* **Work required**: Reproduce the lines below exactly. Begin with the first, end with the line containing "In Prep–2, students", and leave out the pictures.

Stored data entries:
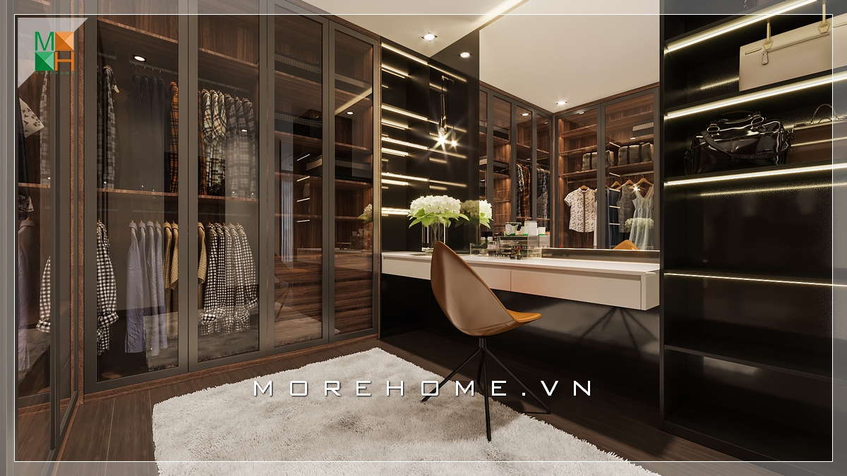 Thiết kế nội thất phòng thay đồ hiện đại rất tiện nghi cho chung cư, nhà phố, biệt thự.
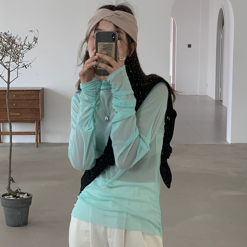 | nameOriginal | ins retro candy color thin see-through long-sleeved t-shirt |
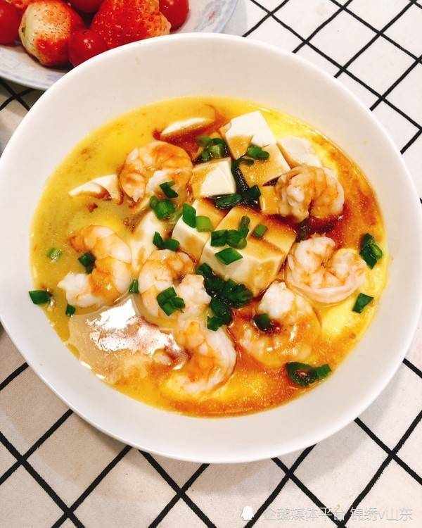 食材准备:大虾、水豆腐、土鸡蛋、葱花。
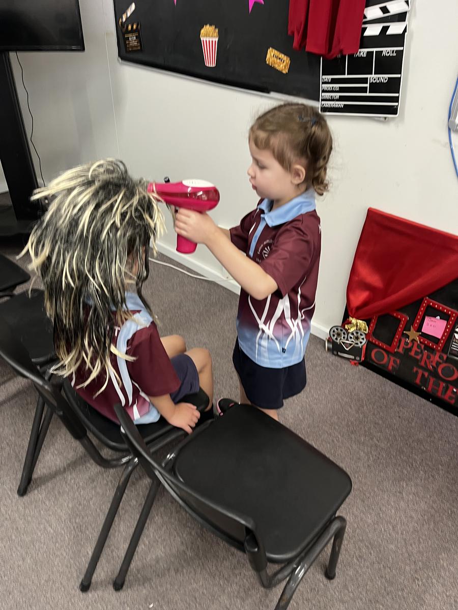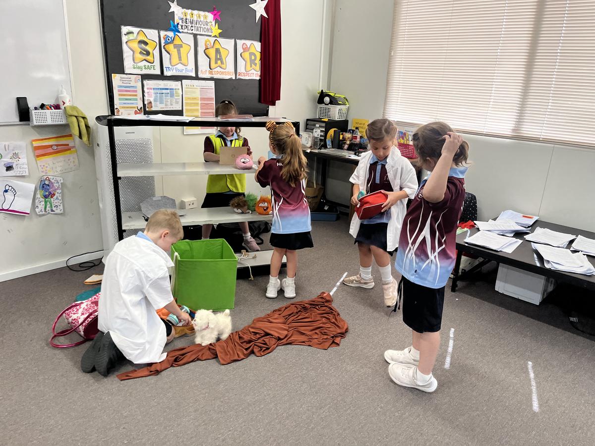 In Prep–2, students explored different real-world settings such as a café, hairdresser, vet, and building site. They stepped into character roles, using their voices, facial expressions, and actions to bring these environments to life. Building on this, they worked in groups to create their own short stories, developing a beginning, a problem, and a resolution. Through improvisation and rehearsal, they refined their performances, learning how to express themselves as a character and collaborate with their peers.
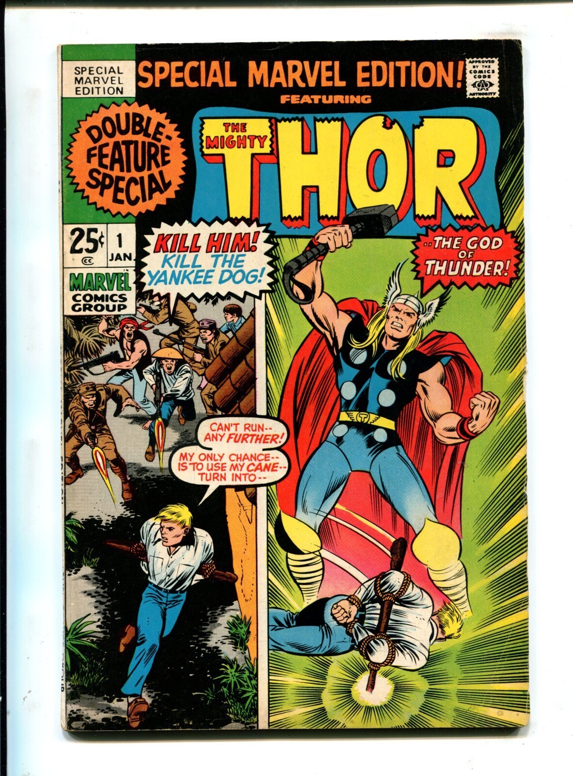 Special Marvel Edition #1 - Marie Severin Cover/ Jack Kirby, Stan Lee (5.5) 1971Size: 7" x 10"This item was uploaded by __LM__.WE COMBINE SHIPPING!!! Either wait for us to send you an invoice after you commit to buy or, if it makes you pay right away, message us back and we'll refund the excess charge. Buy as many single comic books as you want for one low flat shipping rate in the United States! International will be charged exact according to size and weight.If you have any specific questions or requests, please ask us prior to ordering and we'll get back to you as soon as we can.If there are any problems with your order whatsoever, please message us before leaving feedback and we'll be happy to work with you to fix the situation! We ship worldwide, combine purchases, and charge exact shipping. The price may vary based on size, weight, and location. If you are automatically overcharged for shipping, message us and we'll be happy to revise the invoice or refund you the excess amount. If you have any questions regarding shipping, please message us.International Buyers - Please Note:Import duties, taxes, and charges are not included in the item price or shipping cost. These charges are the buyer's responsibility.Please check with your country's customs office to determine what these additional costs will be prior to bidding or buying.Payment can be made by PayPal and credit cards directly.120,000+ items in total in my Hip store!Frequently Asked Questions:When are your operation hours?Our in office hours are Monday - Friday, 11 am - 8 pm. We are not open on weekends, so if you send us a request on Friday evening we won't get back to you until Monday afternoon. Please don't take it as us ignoring you! We will work on your request Monday and get back to you as soon as we can. Also, if you order from us on a Friday evening or Saturday morning we won't start processing your order until we open on Monday. That means on Monday it will be pulled and prepped for shipping, then picked up by the postman on Tuesday morning.When will you ship my item? The tracking hasn't moved.We realize you're eager to get your item, so if the tracking hasn't moved in a few days please don't be concerned. We give the postman a lot of packages daily, sometimes as many as 100, so he does not scan each item for us upon pickup as he says it would be too time consuming for him to do so. If you get a tracking number from us, that almost always means your item was picked up by the postman the next business day. The USPS is also imperfect. There are times when the tracking won't even show movement until it's in your area's regional distribution center. This is normal in our experience.Is the item pictured the exact one for sale?Yes! We don't use stock images and go through great lengths to scan or photograph everything we list. The item pictured is exactly what you should receive UNLESS it is a fixed price listing with multiple items available.Can you issue a COA?We can, upon request. Please make sure you leave us a note while checking out and shoot us a message immediately after requesting one, just to be sure.How do you grade?Grading is very subjective, but we are professionals with decades of grading experience between us who try the best we can to accurately describe the condition of the items we list.Anthony is an Overstreet Comic Book Price Guide AdvisorPlease see the grading chart below for a breakdown of how we grade:NOTE: We don't grade any raw books higher than 9.2, as once you go higher than that grading gets really subjective. If you buy a NM book from us, it may very well be higher than 9.2 but we play it safe and grade conservatively. 9.2 NM Near Mint 9.0 VF/NM Very Fine/Near Mint 8.5 VF+ Very Fine+ 8.0 VF Very Fine 7.5 VF- Very Fine- 7.0 FN/VF Fine/Very Fine 6.5 FN+ Fine+ 6.0 FN Fine 5.5 FN- Fine- 5.0 VG/FN Very Good/Fine 4.5 VG+ Very Good+ 4.0 VG Very Good 3.5 VG- Very Good- 3.0 GD/VG Good/Very Good 2.5 GD+ Good+ 2.0 GD Good 1.8 GD- Good- 1.5 FR/GD Fair/Good 1.0 FR Fair 0.5 PR PoorHow do you ship comics?We ship in rigid cardboard mailers to protect your comic book from the worst the mail system has to offer. Price varies based on the number of books you purchase, but we try to keep costs as low as we can and charge exact shipping. If it looks unusually high to you please send us a message and we'll be happy to double check for you.Do you combine shipping?Yes, of like items. Such as: several comics can fit in one cardboard mailer, as can more than one record. Multiple art pages can easily be combined because they are light and thin. Where combined shipping differs is with size and weight. For instance, two statues require a much bigger box. Same goes for CGCs, as the package gets bigger and heavier as you go.Do you ship well? I've had some bad experiences...You needn't worry; we are professionals who value your business and want your item to arrive safely as much as you do. I have been collecting for over 30 years. I send out items the way I would like to receive them.The tracking says my item is "OUT FOR DELIVERY" in New Jersey. Why is that?If the tracking indicates that the item is "OUT FOR DELIVERY" in NJ don't worry, it's just what the tracking says when it's carried over from the postman to the sorting center. This is normal for our Post Office and will not impact you receiving your item in a timely matter.What is the difference between a RUN and a LOT?Good question. A RUN will be a collection of consecutive issues with no breaks in between them. If it says RUN of #s 1 - 50 you will receive 50 consecutive comics. A LOT will be within a certain range, so a 50pc LOT will not contain consecutive books.I changed my mind after successfully winning the auction or fixed price listing, will you cancel the transaction?Please only bid or hit BUY IT NOW if you are willing to follow through and pay for the item, we will not cancel the transaction. As a seller, Hip penalizes us every time we cancel an order, so it is

* **Answer**:
 Thiết kế nội thất phòng thay đồ hiện đại rất tiện nghi cho chung cư, nhà phố, biệt thự.
 | nameOriginal | ins retro candy color thin see-through long-sleeved t-shirt |
 食材准备:大虾、水豆腐、土鸡蛋、葱花。
 In Prep–2, students explored different real-world settings such as a café, hairdresser, vet, and building site. They stepped into character roles, using their voices, facial expressions, and actions to bring these environments to life. Building on this, they worked in groups to create their own short stories, developing a beginning, a problem, and a resolution. Through improvisation and rehearsal, they refined their performances, learning how to express themselves as a character and collaborate with their peers.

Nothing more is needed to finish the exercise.